A History in Bits of Bits in History

JANUARY 24, 2009

I’ve started work on a book on the “Information Age”. Still at a very early stage and largely outlines but I do have a first draft of the introduction which is available below. I also have a tentative title of This Information Age - A History in Bits of Bits in History.

Introduction

We live in an information age and we live in a digital age – and these twin aspects of our present existence are mutually intertwined. As the volume and role of information have grown so too have the challenges of managing and handling it. By making information digital – converting it into electronic ‘bits’ – we have made it vastly easier to store, manage, analyze and transfer. The triumph of information therefore depends fundamentally on the triumph of the digital – without the powers of digital technology the current cornocopia of information would be impossible, indeed unthinkable. At the same time digital technology \emph{is} fundamentally information technology. Information processing, storage and transmission are what digital technology does and why it exists. Without the driver of our informational needs the digital age would likely never have been born let alone reach maturity.

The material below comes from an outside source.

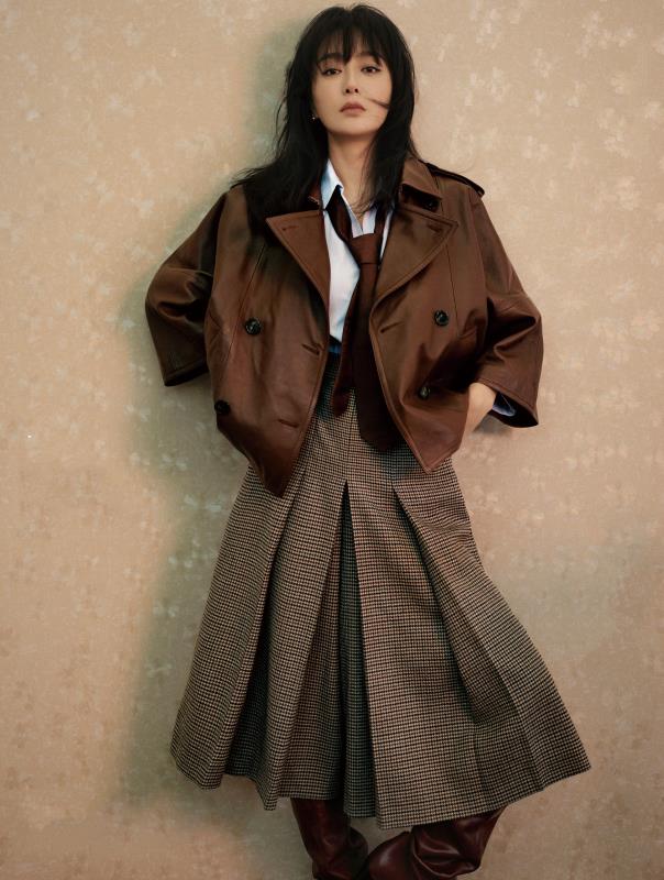 8月18日,演员秦岚最新杂志大片曝光。镜头下的秦岚,敛起一向温柔的笑颜,化身复古摩登女郎,复古chic的港风造型与秦岚富有张力的时尚表现力碰撞出独特的清冷魅力,经典黑白与暖黄色调的画面构图,让整组大片更加具有质感和故事性。咖色短款皮风衣搭配格纹高腰阔腿裙裤,浓郁的港风腔调,略显凌乱的秀发,增添一抹柔和氛围。 内页大片中,白色衬衫搭配咖色短裙,扎起干练的低马尾,金色耳环与项链点缀细节,是简约利落的雅致格调;黑色连衣裙上蕾丝薄纱的设计,彰显优雅亦性感的美丽姿态;黄色套装搭配皮质手套,诠释现代摩登风尚。 近日,由秦岚主演的电视剧《传家》曝光首个片花,剧中秦岚饰演典雅文静的易家长女易钟灵,此次是秦岚和聂远继《延禧攻略》之后再次合作,不禁让观众期待值大增。希望之后在不同领域看到更多面的秦岚。

Thus, information and the digital are symbiotic: the advance of information necessitates the development of digital technology while that technology makes possible, and encourages, the advance of information. Put simply, information drives digitization and digitization drives information.

This book explores these twin proliferations, examining their interaction and the way in which our present, and future, has been, and is being, shaped by these processes. The revolution in communications that started with Morse and Marconi, and the revolution in processing that started with ENIAC and the transistor of Shockley, is still continuing. Almost exactly 50 years on from the first electronic computers of the Second World War period, the last decades of the twentieth century have witnessed another major development in the simultaneous mass adoption of two distinct but related communication technologies: the Internet/World-Wide-Web and mobile telephony. Suddenly cheap digital communication, and the activities it makes possible, are available on a mass, global, scale.

These changes are not to be seen purely at the social or technological level. Already much of the economy is derived directly, or indirectly from transactions in information. The implications are to be seen from the smallest to the largest levels. Today, at the dawn of the 21st century, many of the most well-known, and most powerful companies in the world base their business on information. Perhaps pre-eminent among them is Google, an entity whose business is built upon the acquisition and analysis of the vast information space that is the web – though interestingly their revenue primarily derives not from selling that information directly but from selling the attention it generates.

We should also not forget software that most fundamental and crucial substance of the information age – being both itself the purest kind of information and, as algorithms made ‘flesh’, the information ‘machinery’ that which manages and processes all other data. What is more, software is now not only one of the largest industries on the planet, but is also ubiquitous in practically every kind of business large or small. In a period of a little over 30 years this industry has given us both Microsoft, the most successful monopolist the world has ever seen, and the peer-produced work of the Free/Open-Source movement.

Here then we have information built upon information, data upon data. It is no wonder that some ask whether these spiralling skyscrapers of the digital age ever touch earth, and, if so, where. Are we fashioning ourselves a heaven or a hell? More prosaically, what do we gain, and what do we lose, as everything that glitters becomes bits? Will knowledge be available to all for the cost of an internet connection or ever more proprietarized and controlled? Will democracy be made good by a world of informed and active citizens, or disintegrate into a million insular and self-reinforcing Babels?

This is a technological, economic and social story. It sprawls out over our history, small at first but growing with such rapidity in the last few decades that, information, and its associated ‘revolution’, are now one of the central elements of our world. So recent, rapid and widespread are these changes, ramifying and filtering into so many diverse aspects of our existence, that it is hard for us to here now to comprehend their scope or predict their future and to do full justice to this subject is a clear impossibility.

Instead, in this work we must take a different route, proceeding by way of survey, allusion and illustration. In short we offer a history in bits of ‘bits’ in history.